作者の作品に繰り返し登場するシンボルであるバラの銅版画(エッチング)をベースに、瞑想的な日々の実践の中で、線、トーン、色彩を実験的駆使して表現している。木炭、オイルパステル、油絵具で手彩色され仕上げられた作品は、作者の幅広いジェスチャーとマークメイキングが表現されている。この37点の作品は、アメリカ人作家であるガートルード・スタイン(Gertrude Stein)の詩『聖なるエミリー(Sacred Emily)』(1913年)と共に全ページに渡って収録されている。

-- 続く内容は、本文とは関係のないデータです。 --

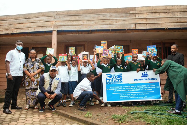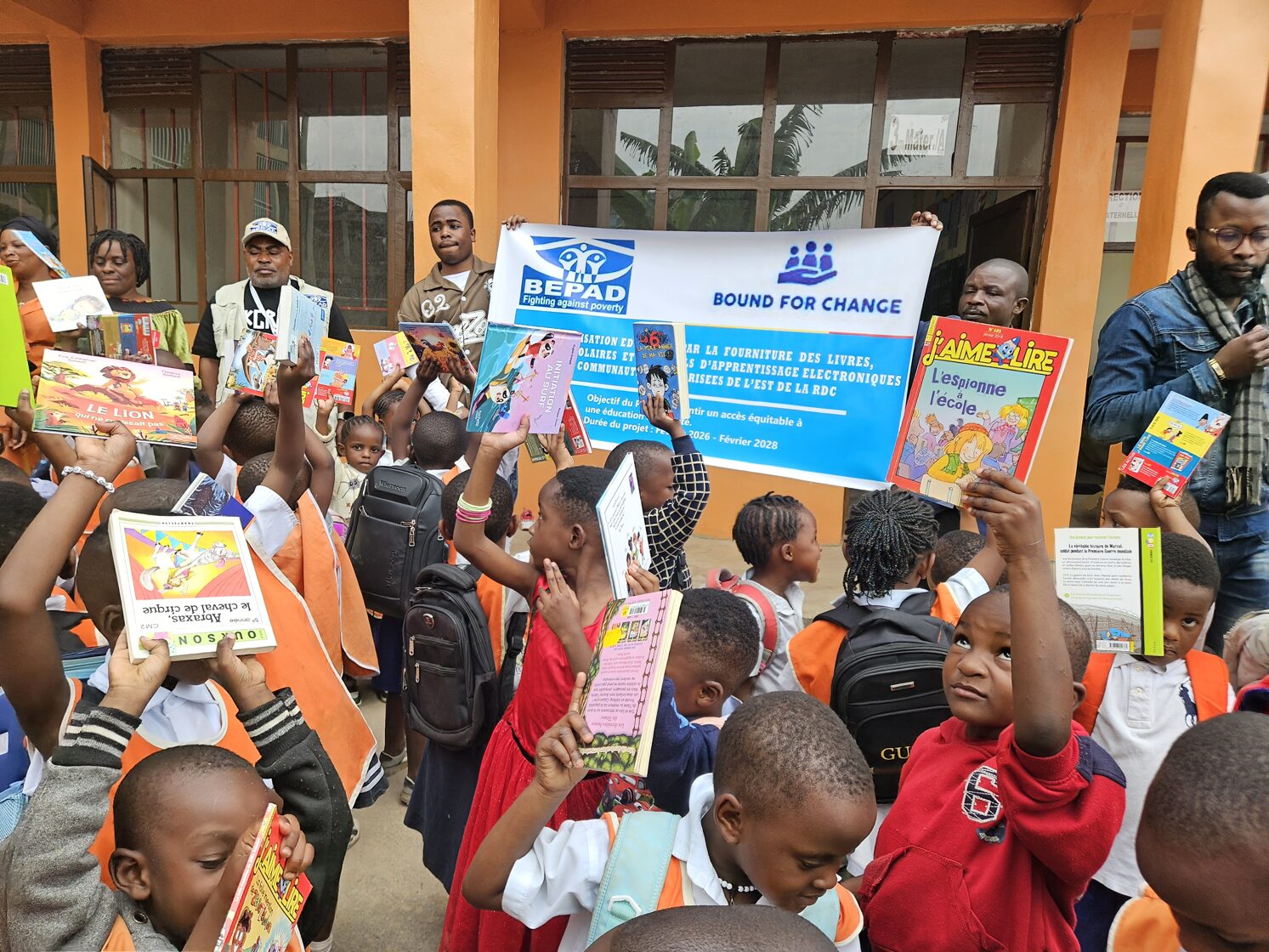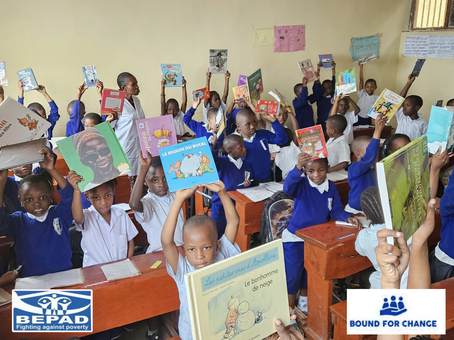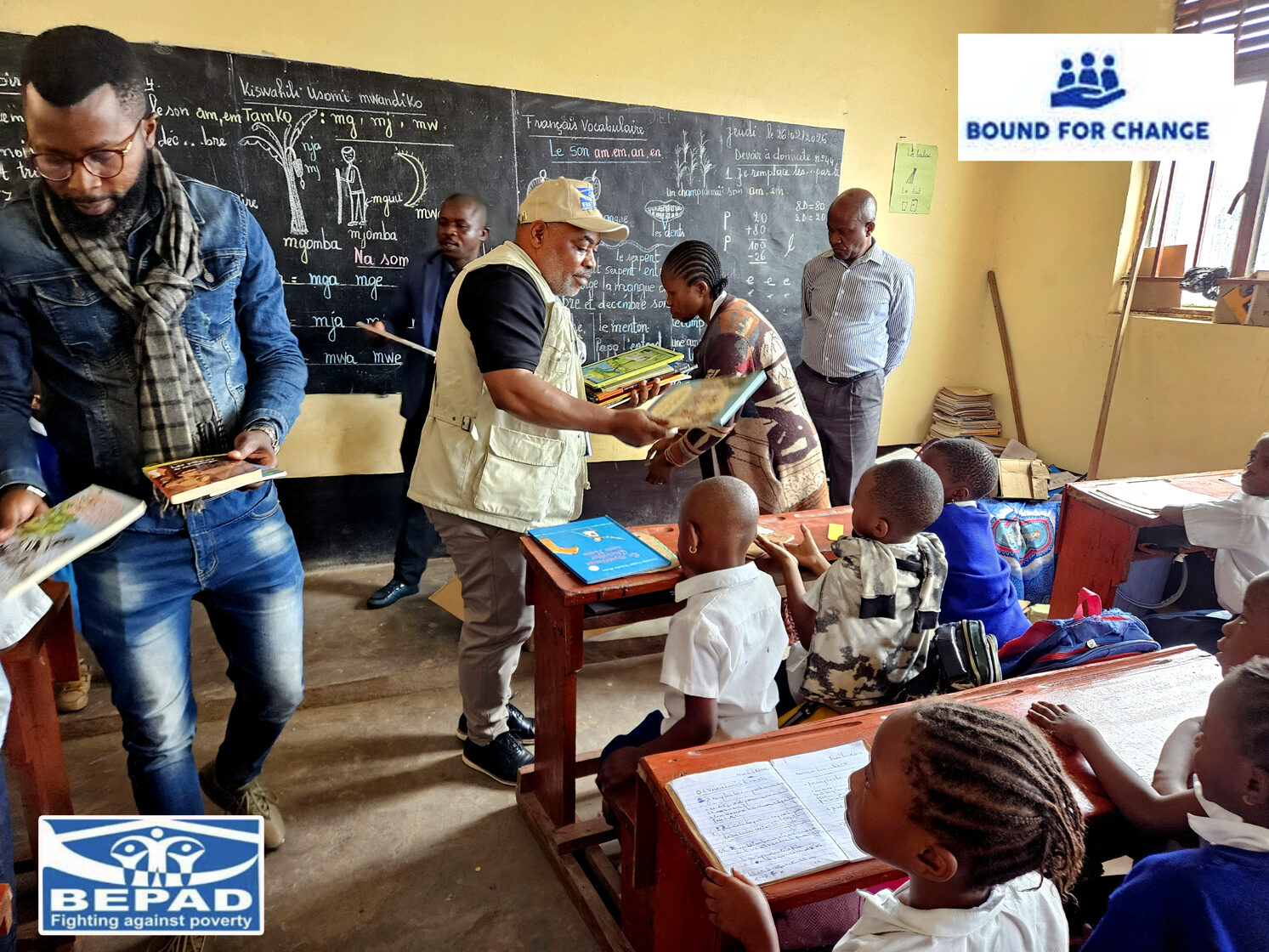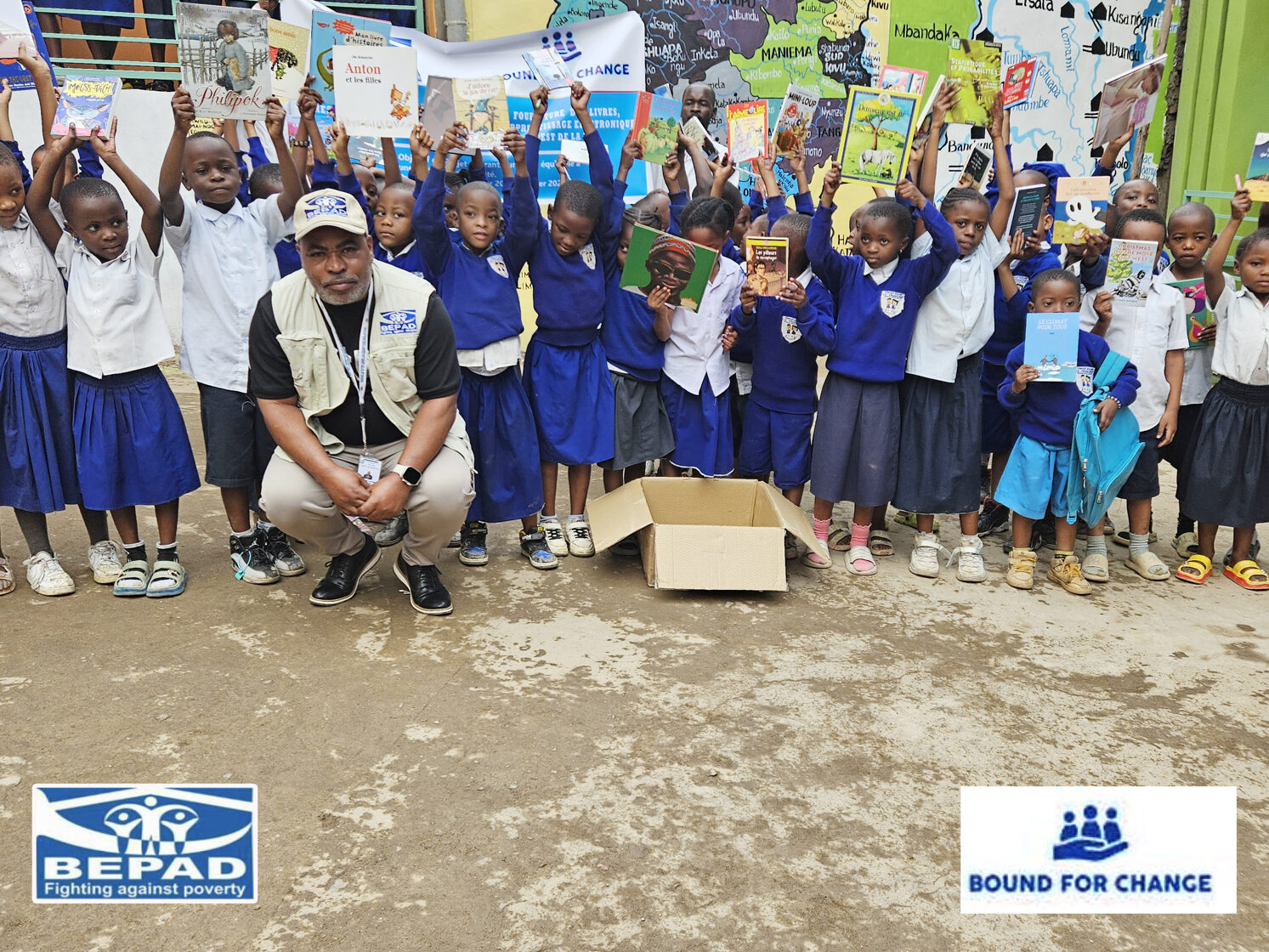 Avec Bound for Change, un projet dans le domaine de l'Education est mis en oeuvre par BEPAD au Sud-Kivu, RDC, ville de Bukavu. Titre du projet : "Educational Empowerment through Books and Scholastic Resources–France". The goal of this initiative is to provide essential educational materials, including books, school supplies, and electronic learning devices, to underserved communities in Democratic Republic of Congo, ensuring equitable access to quality education. Ci-dessous les photos de la distribution des livres dans les écoles.

ガートルード・スタインの有名な詩の一節「バラはバラでありバラでありバラである(Rose is a rose is a rose is a rose.)」でリフレインされるように、作者はドローイングと版画を通じてバラを繰り返し実験的に表現している。スタインは1913年に書き下ろした詩で初めてこの詩行を書いたが、その詩全体の広い文脈は多くの読者に知られていない。本書では、各作品と10行で構成されているスタンザ(節)と並行して詩全体が収録されている。作者のドローイングは、スタインの言葉と自由で開放的な実験のシンフォニーを通じて対話している。
作者は、シンプルな芸術的な忍耐行為を用いることで、バラのエッチングによる無限の形を探求し、それはスタインの 「継続的現在("continuous present”)」と深く共鳴している。本書は、人類史上、比類のない激動の瞬間の中で過ぎ行く日々や、長期にわたる熟考の時間を、親密なドローイングで美しく捉えた「カプセル」である。